Due to the decentralized nature of the Bitcoin blockchain, all transactions can be viewed transparently by having a personal node or by using blockchain explorers that allow anyone to view transactions live. Each node has its own copy of the chain which is updated as new blocks are confirmed and added. This means that if you want you can track Bitcoin wherever it goes. For example, exchanges have been breached in the past where those who held Bitcoin in the exchange lost everything. Although the hacker can be completely anonymous, the Bitcoins they have mined are easily traceable.

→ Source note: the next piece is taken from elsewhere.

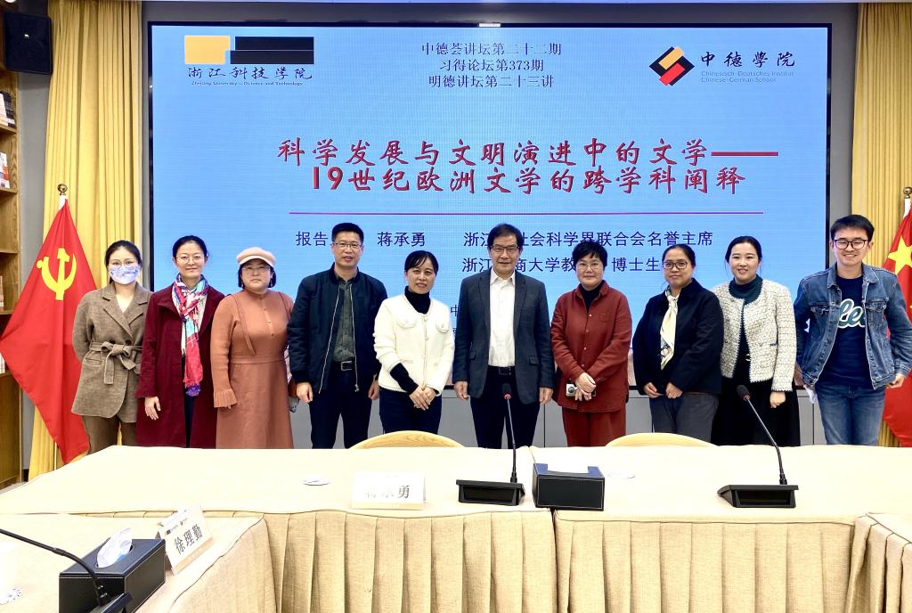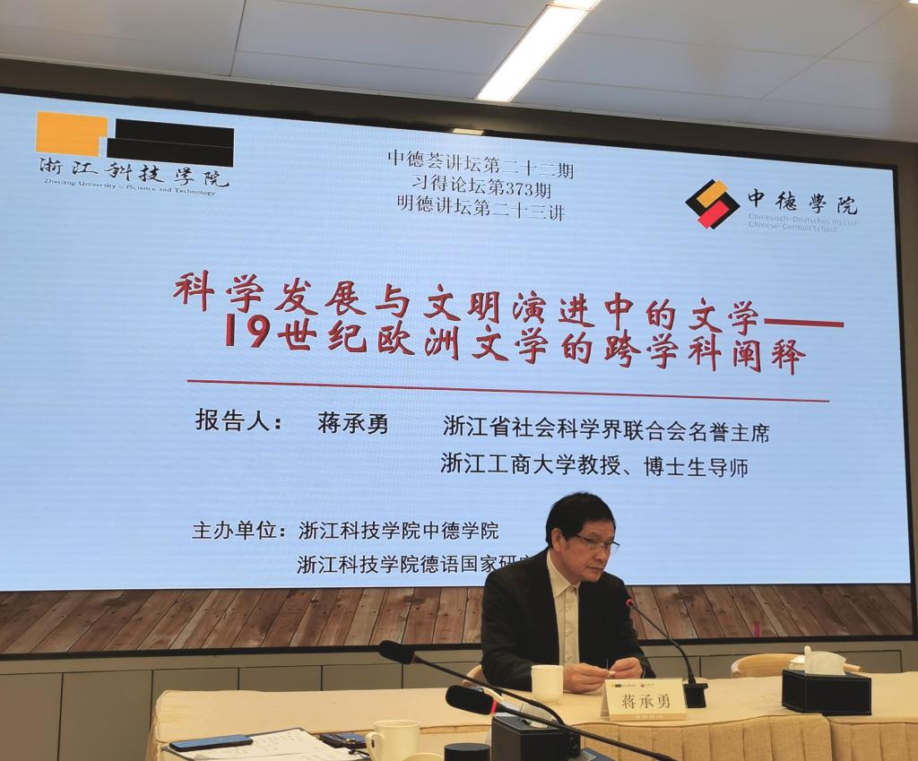 2023年11月24日,由浙江科技日本三级片日本三级片 和德语国家研究中心主办的 “中德荟”讲坛第二十二期学术报告在学校师生服务中心会议室举行。本次报告题为“科学发展与文明演进中的文学——19世纪欧洲文学的跨学科阐释”,由浙江工商大学文科资深教授、浙江省“特级专家”和“功勋教师”蒋承勇主讲,日本三级片 院长韩晓亚主持。德语国家研究中心主任徐理勤、科研处处长马伟锋以及日本三级片 、人文日本三级片和德语国家研究中心的老师们现场聆听了本场学术报告,反响热烈。

If the Bitcoins that were stolen in some of these hacks were to be moved or spent somewhere, it would be known.


Blockchain technology takes security and trust concerns into account in several ways. First, new blocks are always archived in a linear and chronological fashion. That is, they are always added at the “end” of the blockchain. If you take a look at the Bitcoin blockchain, you will see that each block has a position on the chain, called ‘height’. As of November 2020, the block heights had so far reached 656,197 blocks. Once a block has been added at the end of the blockchain, it is very difficult to go back and change the contents of the block unless the majority has reached a consensus to do so. This is because each block contains its own hash, as well as the hash of the previous block, as well as the previously mentioned timestamp.

cryptographic hash on each block

Hash codes are created by a mathematical function that transforms numeric information into a string of numbers and letters. If this information is changed in any way, the hash code also changes. That is why it is important for safety. Suppose a hacker wants to modify the blockchain and steal Bitcoin from everyone. If they were to edit their own unique copy, it would no longer line up with everyone’s copy. When everyone crossed their copies, they would see that copy stand out and the pirate version of the channel would be dismissed as illegitimate.